Source information Start Marker
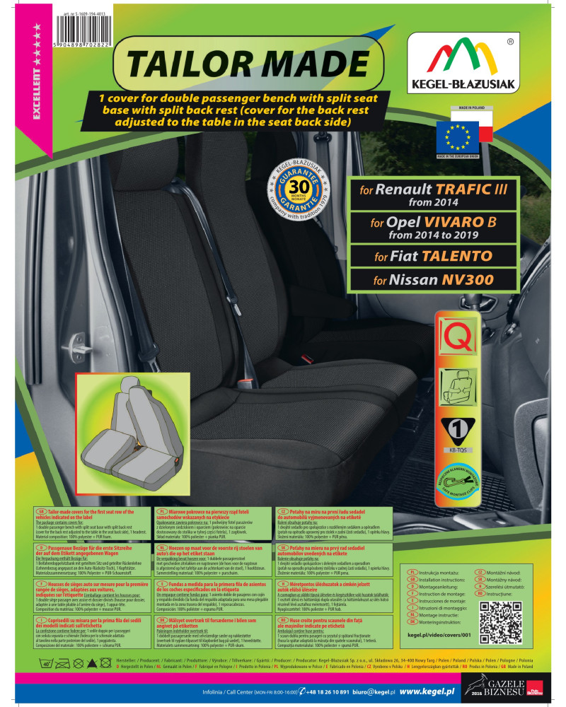 1 pokrowiec na podwójny fotel pasażerów z dzielonym siedziskiem i oparciem (pokrowiec na oparcie dostosowany do stolika w tylnej części fotela)
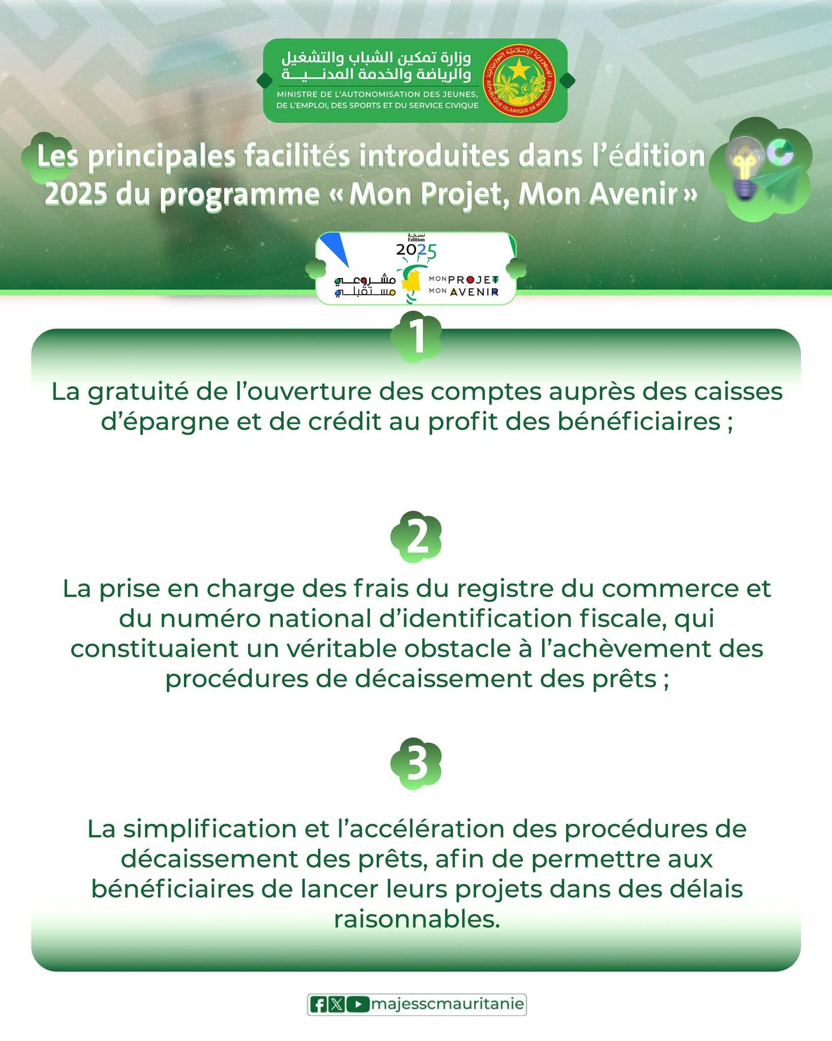وتشمل هذه التسهيلات، على سبيل المثال، مجانية فتح الحسابات لدى صناديق الادخار والقرض، وتحمل تكاليف السجل التجاري والرقم الوطني الضريبي، إضافة إلى تبسيط وتسريع إجراءات صرف القروض لتمكين الشباب من إطلاق مشاريعهم في آجال مناسبة.
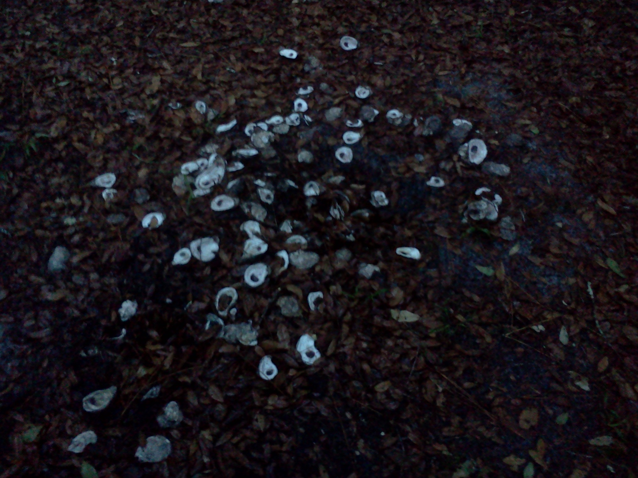 Oysters, tons of oyster shells littered the ground in a mound.
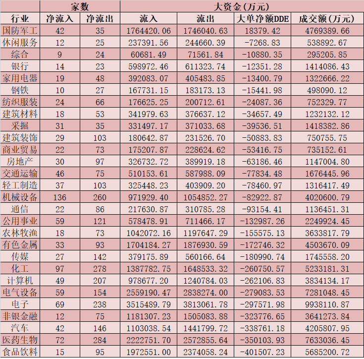 二、周四(12月24日)申萬一級行業(yè)大單資金流向
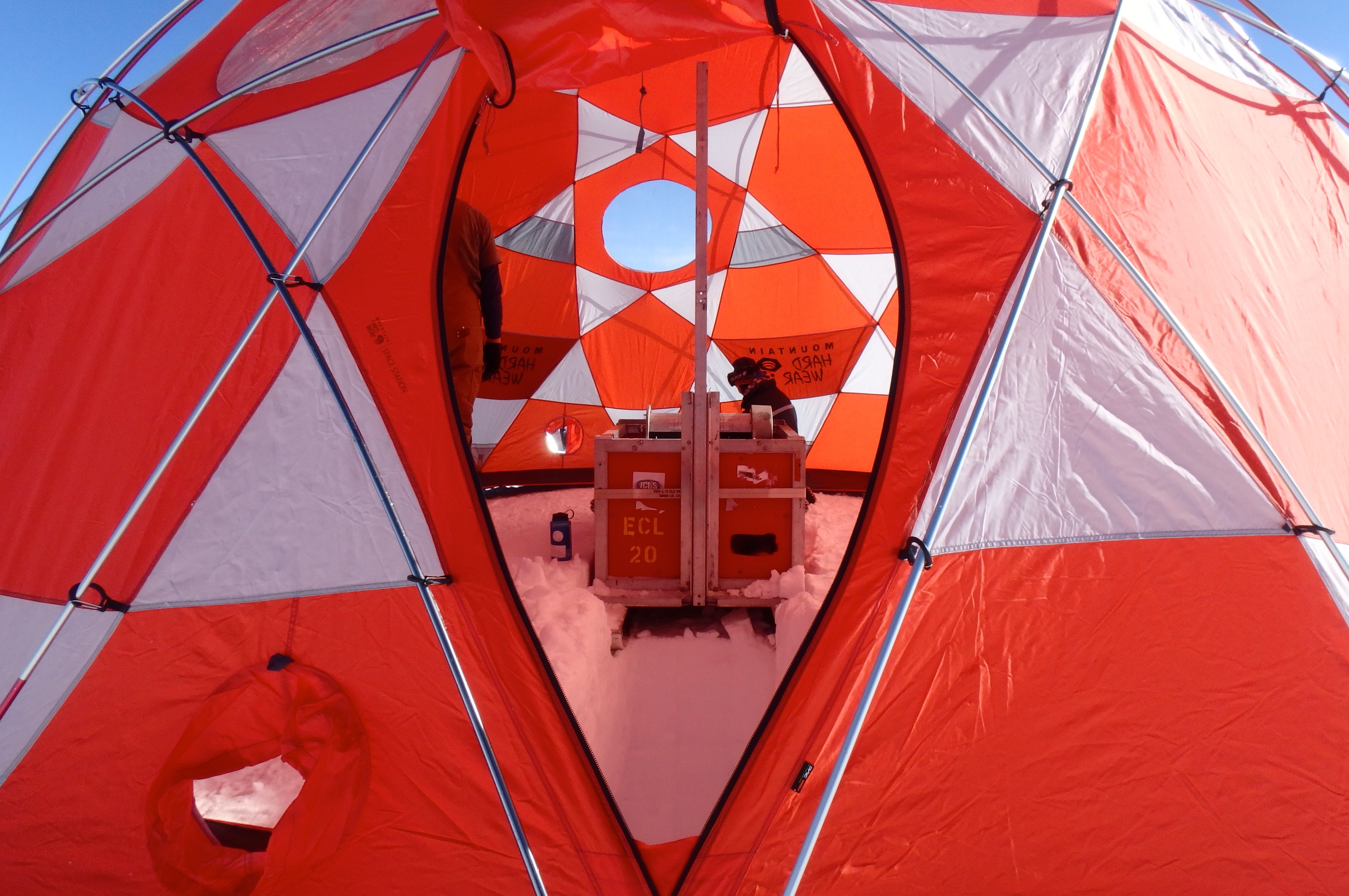The drill can be seen through the door of the tent that has been erected over it. Near Summit Station, Greenland.
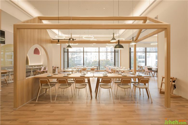 古魯奇所設(shè)計(jì)的維塔蘭德親子餐廳,并不走當(dāng)下流行的夸張?jiān)O(shè)計(jì)的網(wǎng)紅路線,清新如天堂的風(fēng)格考慮更多的是小朋友的使用,而不是為了讓父母拍照。在空間上設(shè)計(jì)師將目光投放在了孩子本身對(duì)高高低低的可以攀爬的空間比對(duì)五顏六色的地方更感興趣的天性上,將空間生動(dòng)有趣高低錯(cuò)落起來(lái),試圖營(yíng)造出能讓孩子們自?shī)首詷?lè)“野蠻生長(zhǎng)”的空間,也好讓父母?jìng)兺档酶∩肴臻e。
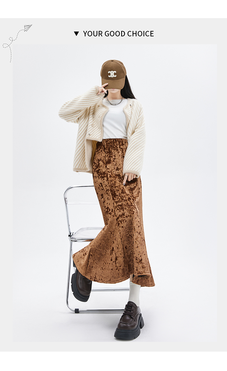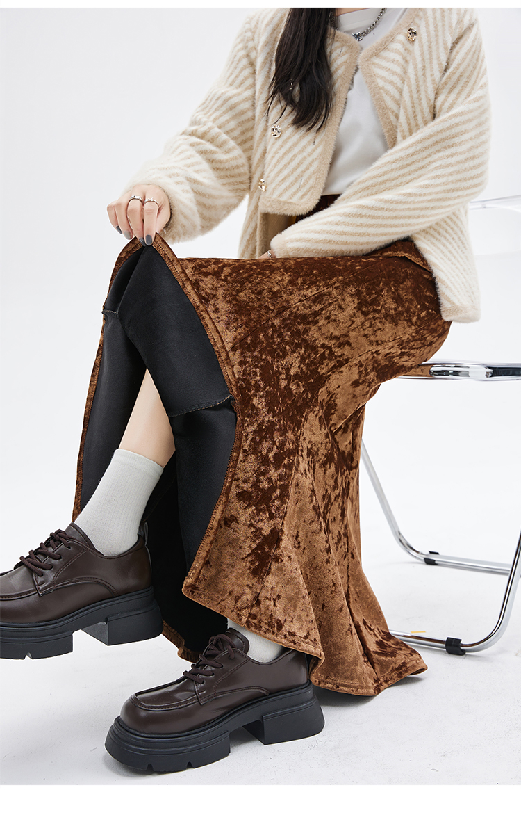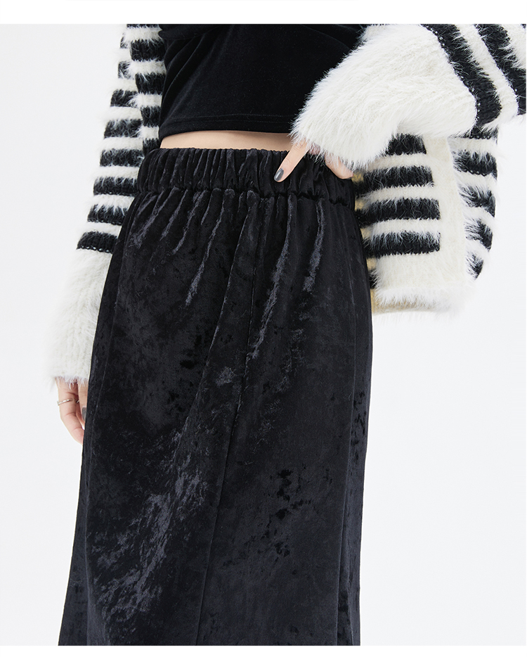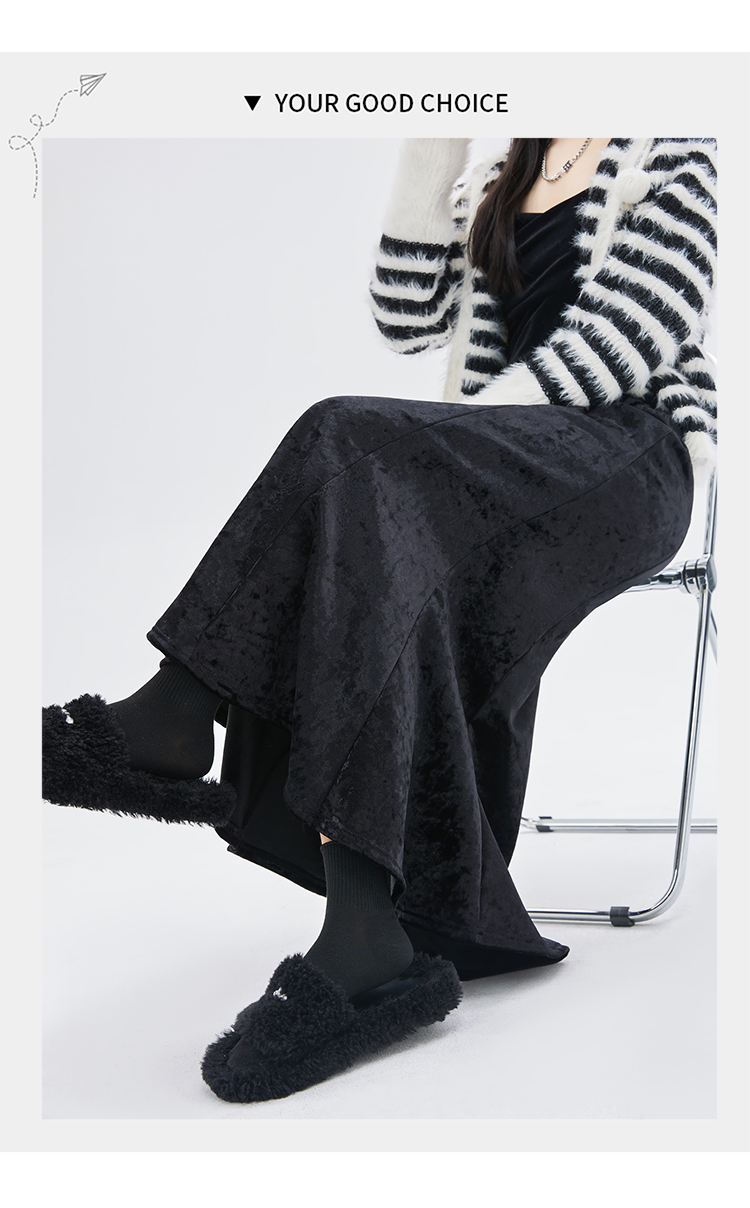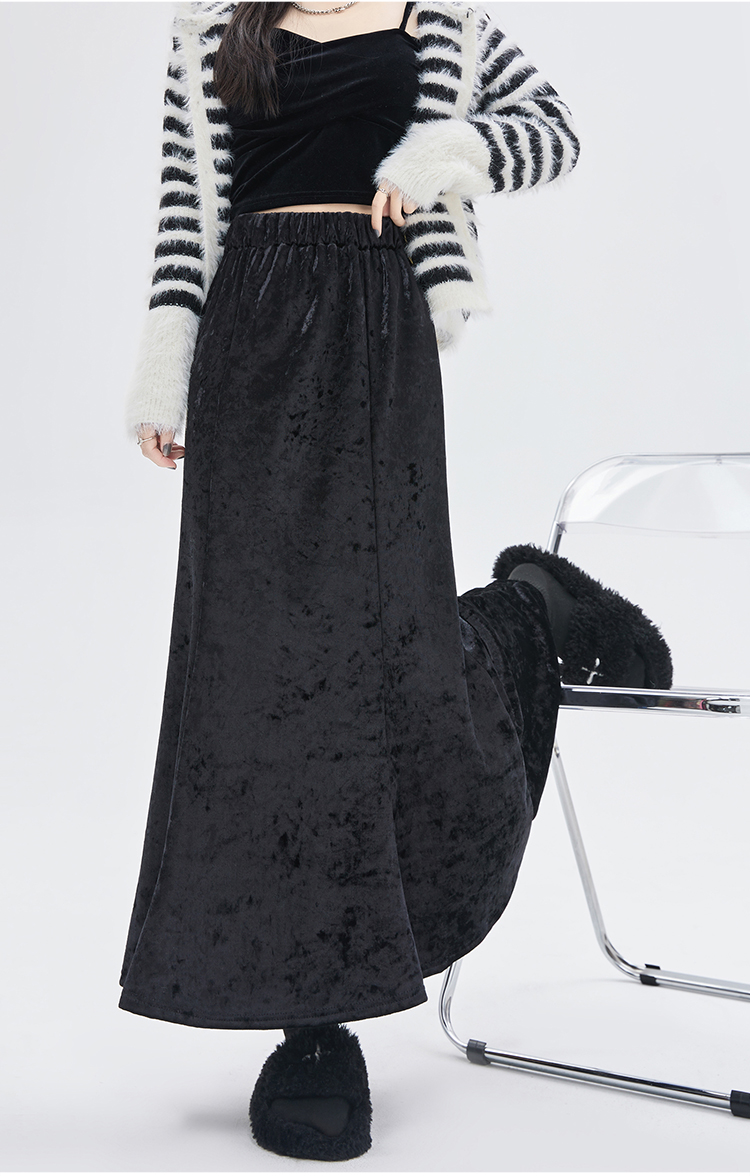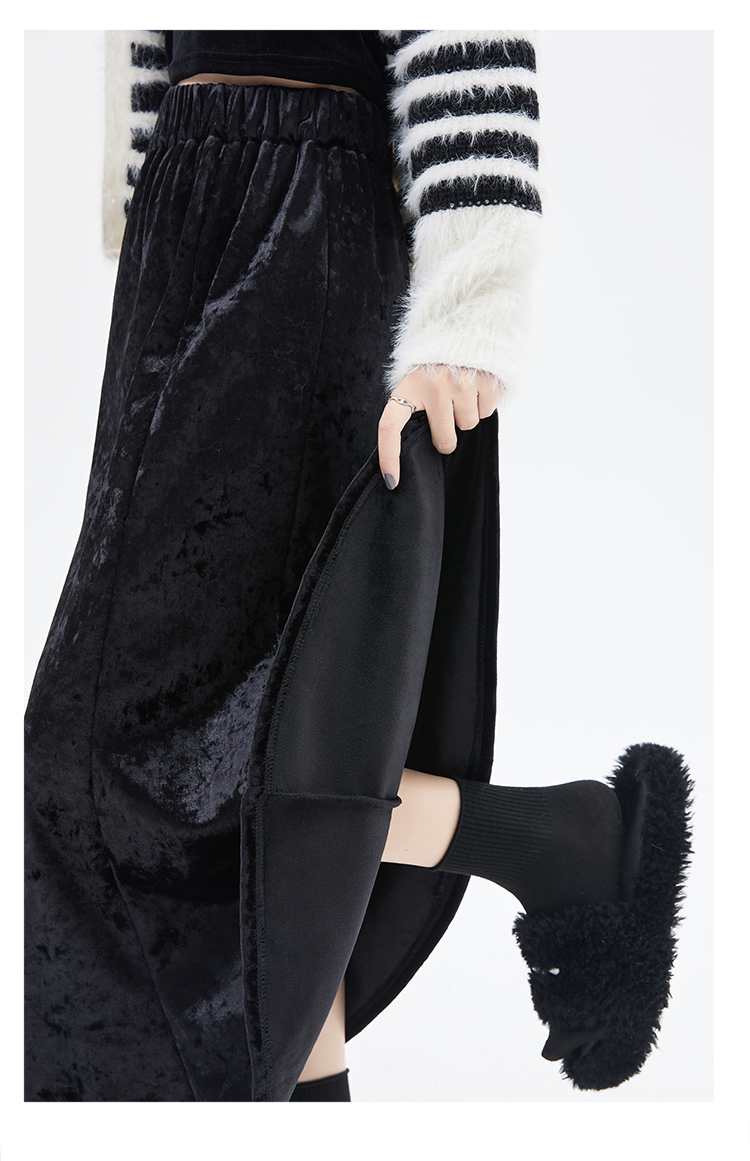 RM30703#加绒金丝绒半身裙女2023秋冬松紧腰高腰显瘦包臀鱼尾裙中长裙
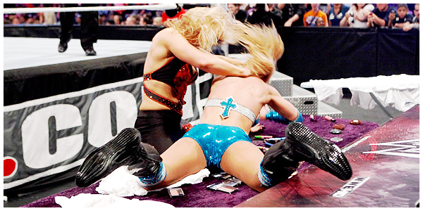 Michelle rolls to the outside and picks up a red mop bucket. Whatever’s inside she tosses on Matt Striker in frustration (perhaps she was listening to the commentary?) and she reaches for what seems to be the supporting guest star in this match: the ironing board. As she goes to crawl back into the ring with it, Beth drop kicks her, and Michelle flies back into the make-up table, bouncing her head off it in the process. The crowd is shocked at the sheer brutality of the spot and Beth goes to capitalize. She’s greeted by Layla and Vickie who double team her long enough for Michelle to stand up in a dazed state and grab another can of hair spray. Beth wiggles away from Layla and Vickie just in time for Michelle to spray her BFF in the face. Layla starts screaming that she’s blind and Michelle slams the Aqua Net to the ground in disbelief that Layla just got sprayed instead of Beth. Beth grabs Michelle by the hair and throws her right across the make-up table giving all of us reason to think something awful is about to happen to McCool. Beth keeps her grip on Michelle’s hair and slams the other woman’s face into the wood a couple of times before just pushing the table over and sending Michelle sprawling onto the mat.
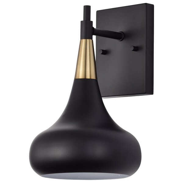 The curved, teardrop-shaped silhouette of the Phoenix 60-7507 wall sconce brings subtle style to new heights. Spruce up an entryway with a pair of these flanking a door, or bring light to a long, wide hallway. The matte black finish on the shaded exterior is accented with a burnished brass collar, contoured for an almost seamless transition. The white interior provides maximum light reflection.
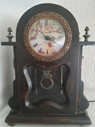 Elegante reloj de mesa con un diseño clásico y detallado. - Esfera con mapa náutico y números romanos. - Marco decorativo dorado. - Ventana frontal para ver el péndulo. - Acabado en madera oscura.
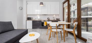- 2 pokojowy apartament z balkonem!Rakowicka, Stare Miasto, Kraków2 pokoje 38 m23 100 zł/mies.81 zł/m2APARTAMENTApartament o powierzchni 38 m² charakteryzuje się wysokim standardem wykończenia i dbałością o detale. Jest w pełni umeblowany i wyposażony, gotowy do zamieszkania od zaraz.Układ pomieszczeń:• przestronny salon z klimatyzacją• nowoczesna
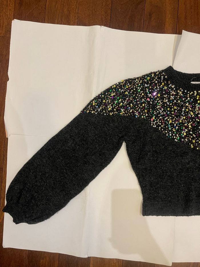 Pull gris manches ballons pailletés zara knit taille S/36 - photo numéro 6
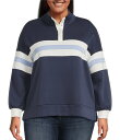モアモア レディース アウター ニット・セーター ハーフジップ プラスサイズ セーター Moa Moa Plus Size Striped Long Sleeve Quarter Zip Sweater Navy/Off-White/Periwinkle Blue オフホワイト
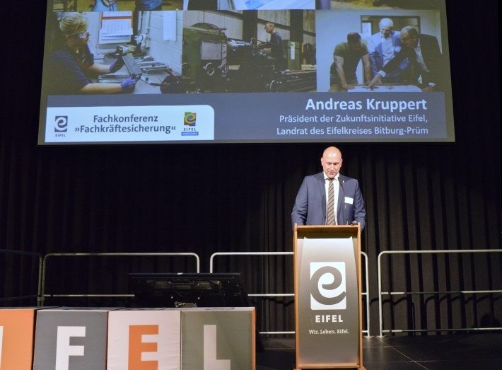 In der Bitburger Stadthalle fand eine von der Zukunftsinitiative Eifel (ZIE) und der Regionalmarke EIFEL gemeinsam veranstaltete, hochkarätige Fachkonferenz statt, welche ein Topthema der Zeit erörterte: Wie können kompetente Fachkräfte gefunden und an die Unternehmen der Region gebunden werden?
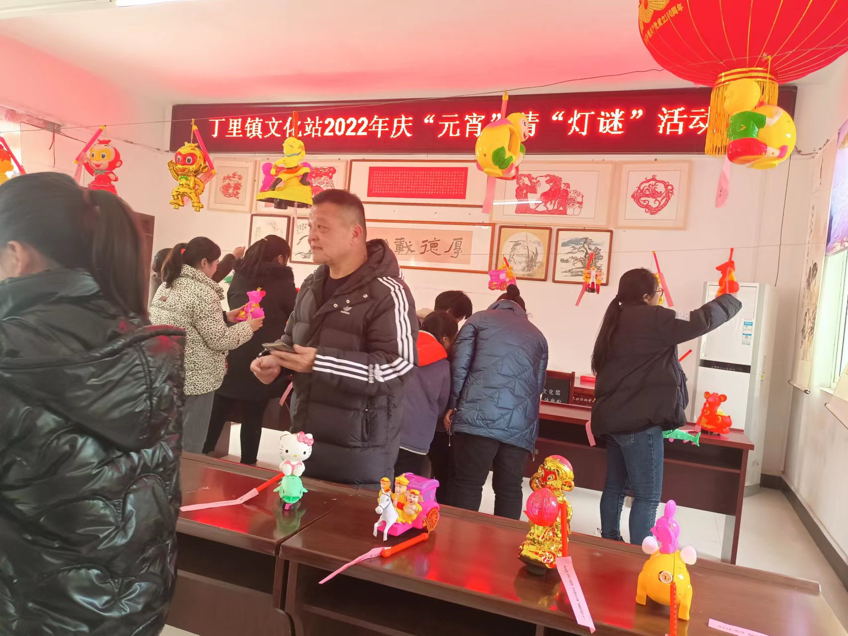 2022年2月14日,丁里鎮(zhèn)綜合文化站舉行元宵節(jié)猜燈謎活動(dòng),文化站工作人員和參與群眾一片喜氣洋洋。
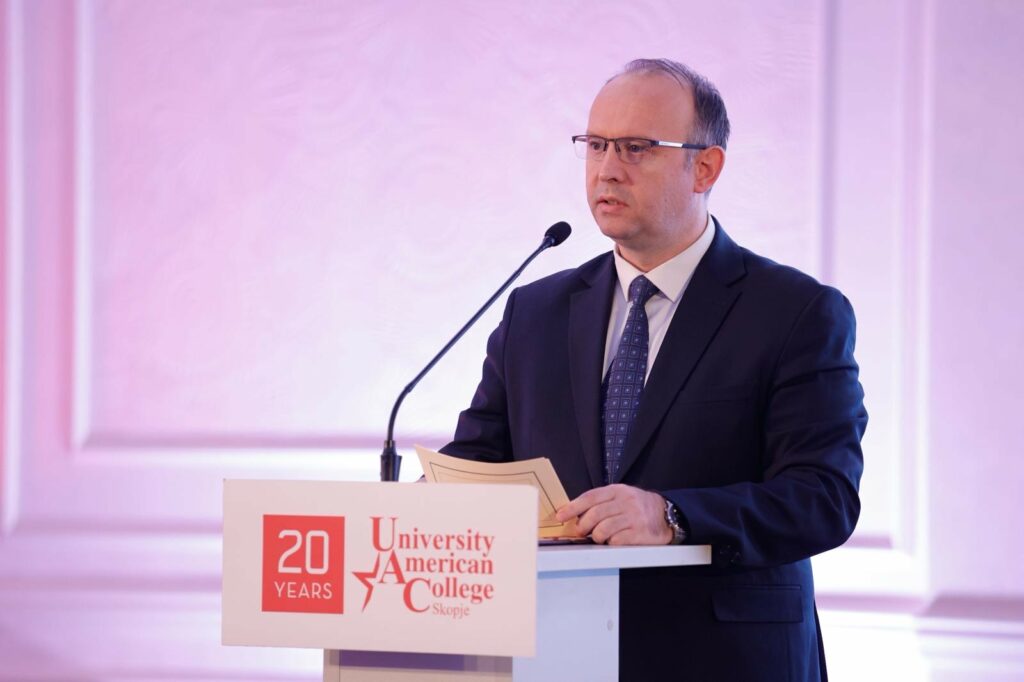 Осврнувајќи се на достигнувањата на УАКС како лидер во високото образование во земјата, претседателот на Собранието Гаши посочи: „Изминатите две децении, Универзитетот Американ Колеџ Скопје беше пионер во усвојувањето и употребата на меѓународните стандарди за квалитет во високото образование, градејќи добри образовни мостови помеѓу американскиот и европскиот пристап кон образованието. Ова овозможи напредна филозофија на учење што не се заснова на квантитет, туку на квалитет, на критичко размислување, креативност и интегритет. УАКС останува пример за визија, партнерство и вредности што треба да се негуваат и во следните 20 години.” – потенцираше претседателот на Собранието Гаши.
Source information End Marker
Brief: Exactly restate the lines from the beginning of the data through the line with "The drill can", and no others, keeping pictures out.

Response:
 1 pokrowiec na podwójny fotel pasażerów z dzielonym siedziskiem i oparciem (pokrowiec na oparcie dostosowany do stolika w tylnej części fotela)
وتشمل هذه التسهيلات، على سبيل المثال، مجانية فتح الحسابات لدى صناديق الادخار والقرض، وتحمل تكاليف السجل التجاري والرقم الوطني الضريبي، إضافة إلى تبسيط وتسريع إجراءات صرف القروض لتمكين الشباب من إطلاق مشاريعهم في آجال مناسبة.
 Oysters, tons of oyster shells littered the ground in a mound.
 二、周四(12月24日)申萬一級行業(yè)大單資金流向
The drill can be seen through the door of the tent that has been erected over it. Near Summit Station, Greenland.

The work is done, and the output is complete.